Pazzi di Juve e del suo modo ancora imperfetto di vincere
Vincere è davvero l'unica cosa che conta, soprattutto se batti l'Inter dopo aver rischiato anche di perdere. Una partita già di per sé complicata nelle sue radici e resa ancor più indecifrabile da un andamento strano per tutti e novanta i minuti. Più strano certamente di quanto accaduto prima, coi cambi, e poco dopo con il gol scaturito dall'irrazionalità a orologeria del più giovane in campo. La pazzia del risultato non tragga però in inganno perché se la Juve vorrà beneficiare degli effetti pieni di questa vittoria – ben vengano i tre punti contro una diretta antagonista - dovrà interiorizzare anche i motivi per cui ha rischiato di rimanere col cerino in mano. I bianconeri hanno vinto anche perché l'Inter non ha saputo chiudere/addormentare il match nel momento più favorevole della serata, quando per due volte in svantaggio ha avuto la forza di reagire e addirittura di ribaltare il risultato. La Juve si è difesa troppo bassa, destabilizzata dalla mancanza di veri punti di raccordo in mezzo al campo e di quegli esterni, Cambiaso e Conceicao nella circostanza, capaci di cambiare passo e di aiutare la squadra ad alzarsi. Senza dimenticare, poi, che la bassa incisività di Koopmeiners e l'impiego di una sola punta, bagnano abbondantemente le polveri del reparto offensivo. Ha ragione Chivu quando dice che la sua squadra deve imparare a riconoscere le diverse fasi della partita, e gli fa da sponda Tudor ammettendo di aver giocato una partita “sporca” e ripulita dai subentrati.

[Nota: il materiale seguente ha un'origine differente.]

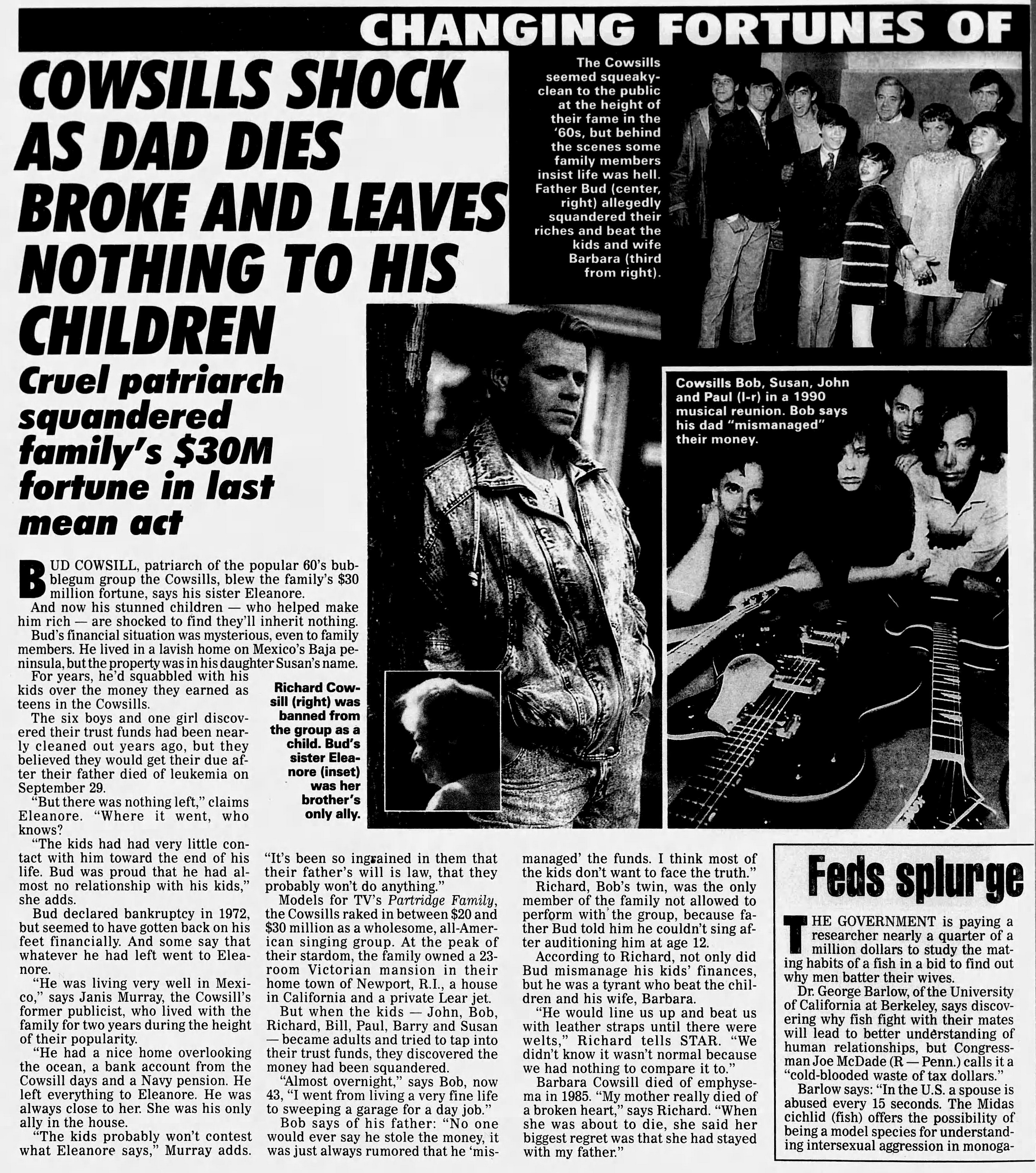 Cowsills Shock As Dad Dies Broke and Leaves Nothing To His Children December 6, 1992 San Antonio Express NewsSan Antonio, Texas
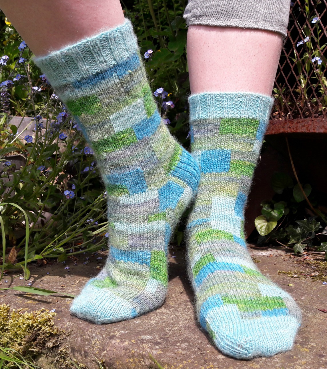 I created this pattern to show off mini-skeins of yarn, although you could just as easily use leftovers. I like the idea that multi-coloured socks don’t have to be striped or variegated and that we can create the blocks of colour for ourselves which works perfectly with the intarsia method of knitting.
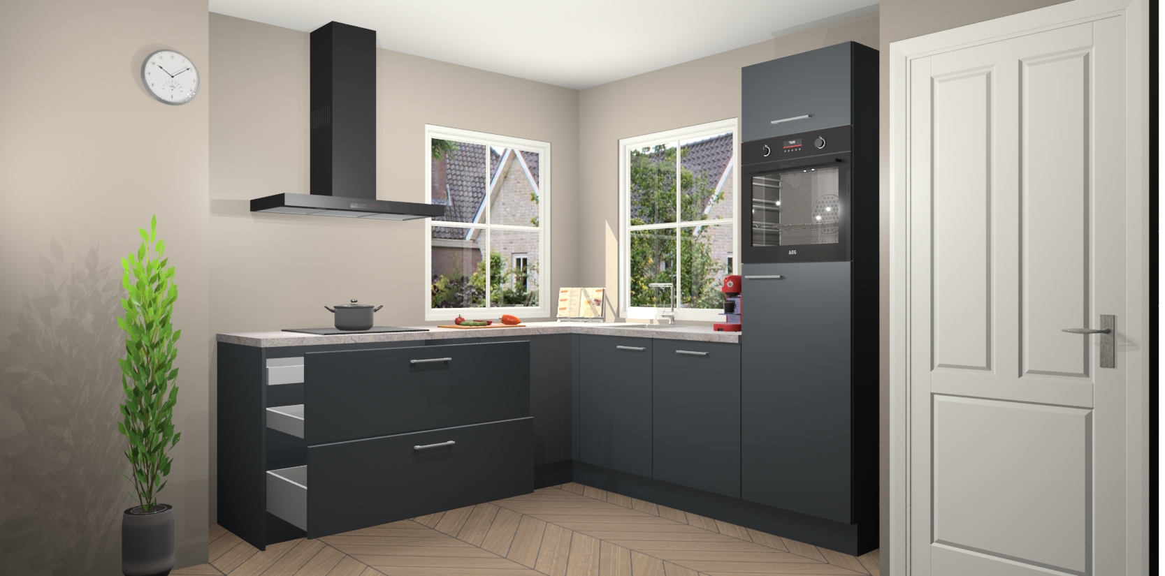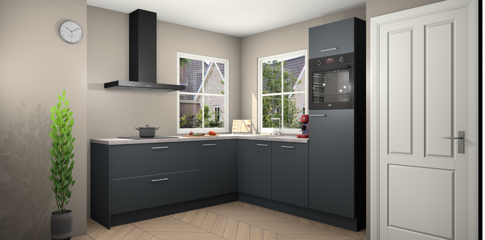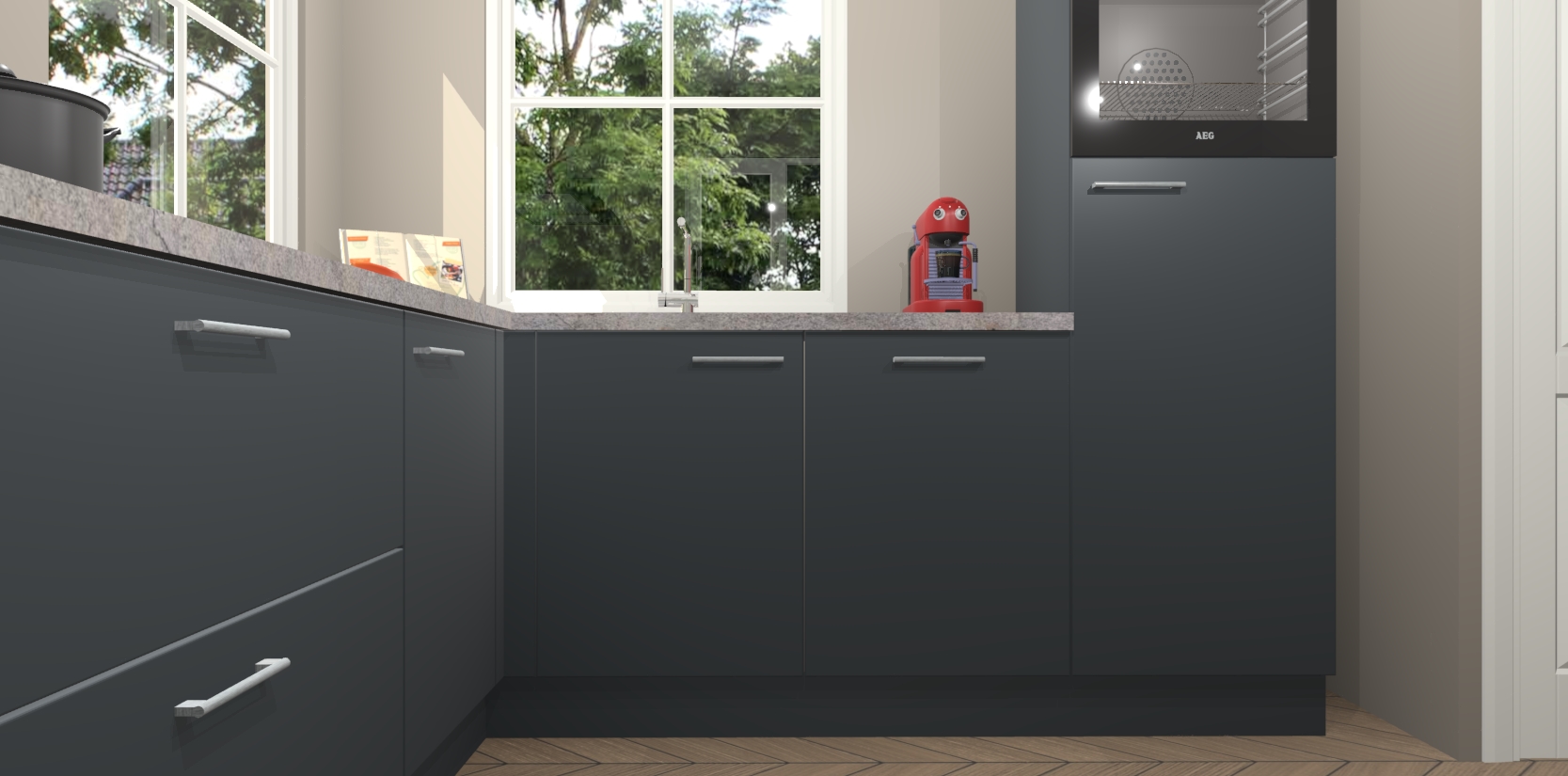 De Onyxgrijze keuken Pai bevat vijf essentiële inbouwapparaten - een oven, inductiekookplaat, afzuigkap, vaatwasser en koelkast - zodat u er na levering meteen in kunt. Voor de slimme kopers die weten dat apparaten vaak het verschil kunnen maken tussen functioneel en luxueus, bieden we eenvoudige upgradeopties naar AEG, van oven naar combimagnetron na bestelling of naar een kookplaat met geïntrigeerde afzuiging. En met onze vaste lage prijs en snelle levering binnen zeven weken vanaf de orderbevestiging hoeft u zich geen zorgen te maken over verborgen kosten of lange levertijden die uw droomkeuken kunnen vertragen.

Cambi – I cambi, alla luce del risultato, hanno dato ragione alle scelte di Tudor, ma chi era allo Stadium e di sicuro anche davanti alla tv, avrà avuto la sensazione che questa volta è stata la dea bendata - negli ultimi minuti - a dargli una mano, al pari delle due un po' arrugginite dello svizzero Sommer. La Juve ha capito che stava buttando all'aria una vittoria, e ad un certo punto anche il semplice pareggio, e ha sfruttato l'orgoglio di Jose Mario e la voglia di affermazione di Adzic. Non meno di quella dei due neo attaccanti, Openda e David, capaci di agitare la difesa nerazzurra con continui cambi di posizione. Pochi minuti in cui però è scattata la follia del gruppo che ha portato al successo: dai gol fotocopia dei fratelli Thuram fino alla sassata di Adzic, la bella copia di un ancora evanescente Koopmeiners. L'urlo dello Stadium ha lanciato tutti nello spazio, ma i piedi devono tornare velocemente per terra. Per ballare la musichetta della Champions serve infatti andare a tempo e senza sbavature. Ricominciando magari dagli ultimi quindici minuti di partita e dai suoi protagonisti, nell'ordine Kelly, Yldiz, Thuram e Adzic. Perché non titolari col Borussia assieme a Openda e David? Forse capiremo che è anche una questione di numero di attaccanti. Almeno fino a quando non avremo due frecce affidabili sugli esterni.